**Available data:**
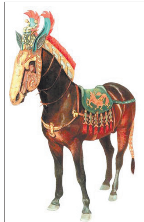
Реконструкция внешнего вида коня из Первого пазырыкского кургана

Впервые в пазырыкских курганах были найдены сохранившиеся трупы убитых лошадей, а не их скелеты, как в других захоронениях; и вместе с ними комплекты седел, уздечек и чепраков. Это были рыже-золотистые, высокорослые стройные кони, вскормленные зерном. Такой вывод сделали специалисты по состоянию шерсти и по характеру стертости зубов. За внешностью коней заботливо следили: гривы и челки у них подстрижены, а хвосты заплетены в косы или завязаны узлами. На ушах всех лошадей оказались надрезы-метки, у всех разные. Это знаки собственности. Кони и все их сна-
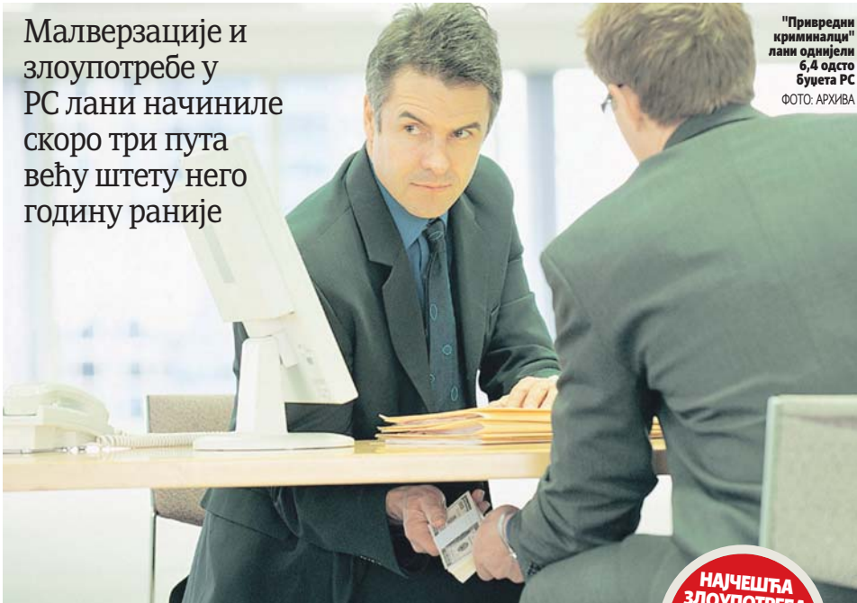
"Привредни криминалци" лани однијели 6,4 одсто буџета РС

ПИШЕ: НЕБОЈША ТОМАШЕВИЋ ntomasevic@glassrpske.com

**Your task:** Transcribe the full listing above exactly as it stands, minus the pictures.

**Response area:**
Реконструкция внешнего вида коня из Первого пазырыкского кургана

Впервые в пазырыкских курганах были найдены сохранившиеся трупы убитых лошадей, а не их скелеты, как в других захоронениях; и вместе с ними комплекты седел, уздечек и чепраков. Это были рыже-золотистые, высокорослые стройные кони, вскормленные зерном. Такой вывод сделали специалисты по состоянию шерсти и по характеру стертости зубов. За внешностью коней заботливо следили: гривы и челки у них подстрижены, а хвосты заплетены в косы или завязаны узлами. На ушах всех лошадей оказались надрезы-метки, у всех разные. Это знаки собственности. Кони и все их сна-
"Привредни криминалци" лани однијели 6,4 одсто буџета РС

ПИШЕ: НЕБОЈША ТОМАШЕВИЋ ntomasevic@glassrpske.com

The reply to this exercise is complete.